War broke out in 1914 and the Spanish yachts were sold in Norway. Picture the convoy in winter, surrounded by submarines and naval escorts with no running lights. Tuiga was bought by Jac Lundvig, who renamed her Betty IV. In 1922 she was bought by H. Johansen, who soon resold her to an English owner, J.S. Highfield. The yacht was now called Dorina and was based at Cowes. She had a Bermuda rig, and Highfield, who had invented the Highfield tensioning lever, used her as a testbed. In 1934 Dorina became Kismet III and took part in the RORC races with Bermuda rig. The next year she won the Fastnet in real time - she was the only IR yacht to do so until American Eagle equalled her achievement in 1971. It’s worth pointing out that Dorade and some other early designs by Olin Stephens drew inspiration from the IR yachts’ deep keel. Kismet III then passed into the hands of a tobacco heiress who kept her for 32 years. She used the yacht during the summer, and moored her near her Scottish castle. The yacht changed hands in 1970, inherited the mast from the 12 metre IR Sceptre and was given a new name - Nevada. So the old Spanish craft became Greek...and by now, she was a little dilapidated. Her second life came to an end, and it seemed that this would be the final curtain.

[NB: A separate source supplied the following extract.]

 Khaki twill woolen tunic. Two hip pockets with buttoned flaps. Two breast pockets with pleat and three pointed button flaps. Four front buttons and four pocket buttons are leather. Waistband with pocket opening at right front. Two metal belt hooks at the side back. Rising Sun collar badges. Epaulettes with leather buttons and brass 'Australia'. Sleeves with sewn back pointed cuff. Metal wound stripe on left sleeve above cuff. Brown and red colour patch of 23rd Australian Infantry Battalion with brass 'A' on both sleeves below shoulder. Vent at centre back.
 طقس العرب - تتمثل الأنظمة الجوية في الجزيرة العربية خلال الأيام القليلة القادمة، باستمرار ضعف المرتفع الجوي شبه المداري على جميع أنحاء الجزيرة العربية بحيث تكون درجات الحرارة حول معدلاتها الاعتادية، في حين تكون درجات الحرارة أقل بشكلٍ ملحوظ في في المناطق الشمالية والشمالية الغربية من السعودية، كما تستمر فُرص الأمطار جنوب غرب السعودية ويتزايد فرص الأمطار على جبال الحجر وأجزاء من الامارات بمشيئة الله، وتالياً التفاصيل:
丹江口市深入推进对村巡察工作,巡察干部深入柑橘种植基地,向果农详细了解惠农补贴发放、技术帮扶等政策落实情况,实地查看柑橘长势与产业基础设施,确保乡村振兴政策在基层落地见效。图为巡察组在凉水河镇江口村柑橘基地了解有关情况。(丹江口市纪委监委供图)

However, Tuiga, now old and infirm (she almost sank during her voyage to England in 1990) became the seafaring equivalent of Faust. She was purchased by a benevolent demon who took an interest in her soul. Albert Obrist didn’t like sailing, but admired yachts, especially those designed by Fife. He had just finished the exemplary restoration of Altair. With a historian’s loyalty and perseverance, he decided to bring Tuiga back to her original 1909 condition. The Monaco Yacht Club, encouraged by its President Prince Alberto, bought her and immediately set about breaking all the conventional rules. The complexity of classic yachts should be the sole domain of the professionals? They took on an amateur crew. Only Anglo-Saxon skippers know how to sail these yachts? The captain, Olivier Campana, is from Monaco. Some of the champions invited on board the Tuiga were gripped by panic - the normal rules for the America’s Cup, and on the Stars and Tornados, just didn’t apply here. And the waves could make the flexible hull twist by thirty centimetres.

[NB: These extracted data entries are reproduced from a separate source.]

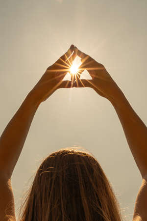 Silhouette of a woman holding the sun in her hands
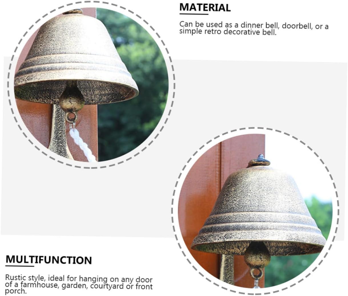 Package List 1 x Cast Iron Doorbell Characteristics - Material: Cast iron, cotton rope Bell Pendant. - Color: Assorted Color Wind Bell Hanging Decor. - Size: Approx. 24.00X17.50X17.50cm/9.43X6.88X6.88in Wall Mounted Bell. - Eye-catching and life-like. The present for your friends who like to decorate their house Dinner Bell. - Crisp ringtone makes it become a dinner bell or welcome bell Housewarming present. - Cast iron doorbell, beautiful appearance, clear texture, solid and strong Rustic Style Door Ornament. - Make the empty and boring walls become vivid and the temperament of your entire space. Wall Wind Bell - It features a vintage and retro style, full of rustic style and atmosphere Holiday Scene Decor.Goods DescriptionHoliday Scene Decor Its unique design can not only decorate your house but also add a touch of whimsy and unexpected style to your doorway.Iron Doorbell want to decorate your courtyard or garden? If so, our cast iron doorbell is carefully prepared for you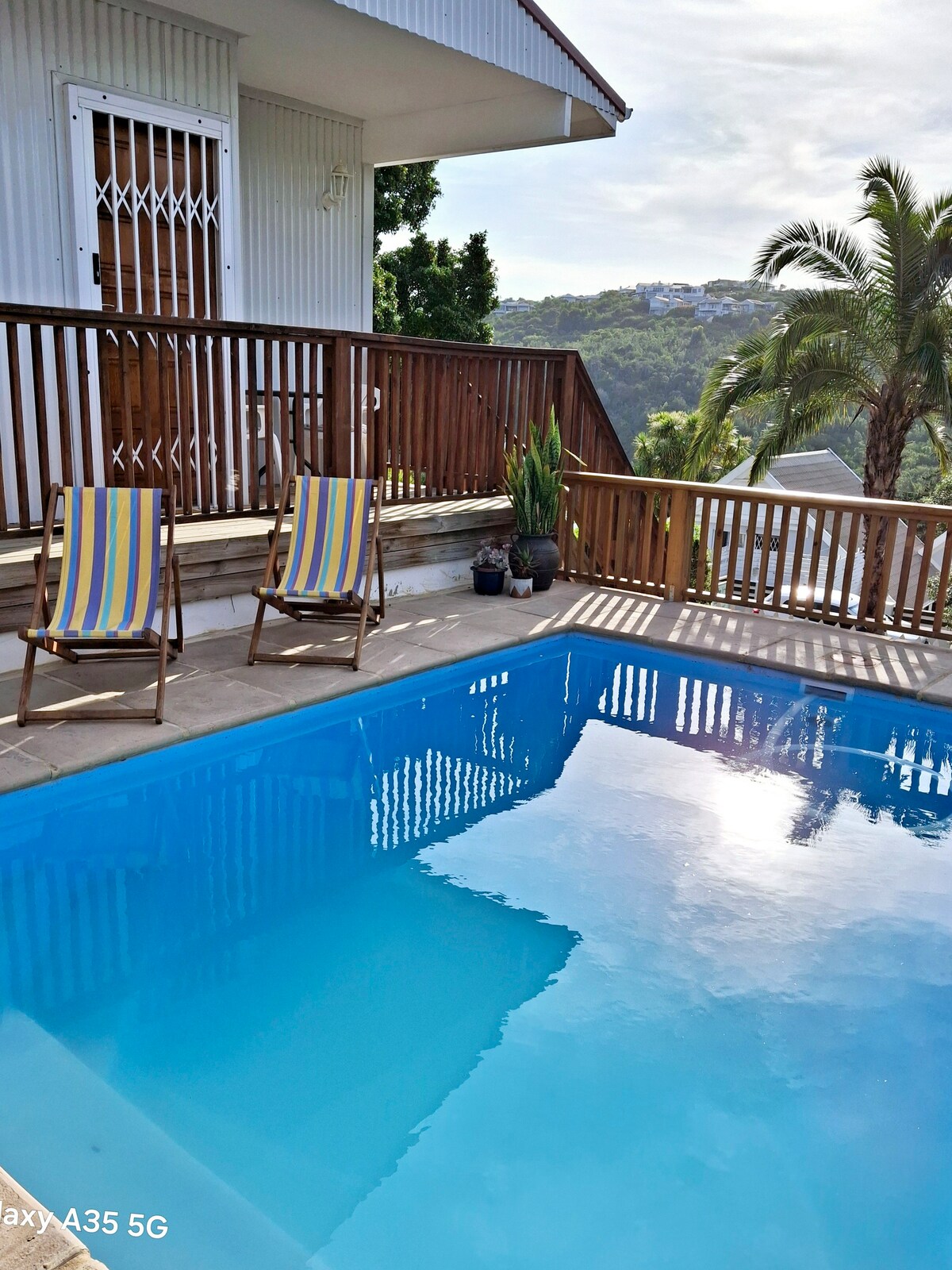 Mit Blick auf den Ozean und die Lagune, eingebettet in ein Vogelschutzgebiet an einem bewaldeten Hügel und 5 Fahrminuten von unberührten Stränden und dem Zentrum von Wilderness entfernt, bietet dieses stilvolle Selbstversorgerhaus geräumige Wohn- und Essbereiche, eine Terrasse mit einem beheizten Pool, 3 Schlafzimmer mit eigenem Bad und private Terrassen mit Blick auf das Meer und den Wald. Zu den Annehmlichkeiten gehören ein Heimfitnessstudio, Pilates-Geräte, ein Weber-Grill, ein 75-Zoll-Smart-TV, DSTV, eine PlayStation 4, ein Tischfußballtisch und unbegrenztes WLAN.

After returning to competition fourteen years ago on the classic yacht circuit, Tuiga began her third life as flagship for the Monaco Yacht Club, and a fourth existence as the latest model for heritage conservation. The 15 metre IR that, apart from her Fastnet victory, had enjoyed only a modest career, has become, a hundred years after her launch, one the world’s most famous sail yachts, showing everyone involved in restorations just how it should be done.